ESPE Abstracts

Hereditary vitamin D-resistant rickets (HVDRR) is an autosomal recessive disorder characterized by end organ resistance to 1α,25-dihydroxyvitamin D3 (1,25D3). The syndrome is recognized by severe early onset rickets with bowing of the lower extremities, short stature, often alopecia and severe hypocalcemia.

Objectives: To study the effectiveness of our designed protocol of continuous high dose intracaval calcium infusion for the treatment of HVDRR.

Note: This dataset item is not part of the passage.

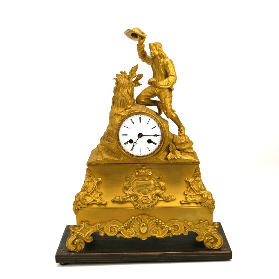 Antieke 19e eeuwse Franse vuurvergulde pendule, voorstelling van jongeman met hoed
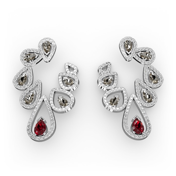 Garnet, dumanlı kuvars ve beyaz zirkon 14 ayar beyaz altın küpe

Patients and Methods: We studied 12 patients with HVDRR, four of them had alopecia. Age of starting treatment protocol ranged from 2 -12 years. Daily infusions ranging from 1-2.2 g elemental calcium with oral phosphate from 1-2 g and oral calcium from 3.2–4.2 g elemental calcium were given for a period of 8-18 months. Followed by maintenance on oral calcium equivalent to 6.2 - 8g elemental calcium per day with oral phosphate 1-2 g. Measurements of serum calcium, phosphate and serum alkaline phosphatase were obtained before, during and after the calcium infusions. Urea and electrolytes, serum parathyroid hormone and vitamin D metabolites were measured prior to calcium infusion, then repeated monthly. Kidney ultrasound was done every 6-months. Skeletal X-ray was done before, 6 and 12 months of treatment.

Results: The daily intra-caval infusions of calcium with oral phosphate and calcium resulted in marvelous clinical, biochemical and radiological responses with normalization of calcium, phosphate, alkaline phosphatase and parathyroid hormone in 8-24 months with improvement in height slandered deviation. The patients showed no radiological evidence of nephrocalcinosis on follow up.

Conclusion: The use of intra-caval calcium infusions followed by high dose oral calcium with oral phosphate is an effective method for treatment of HVDR.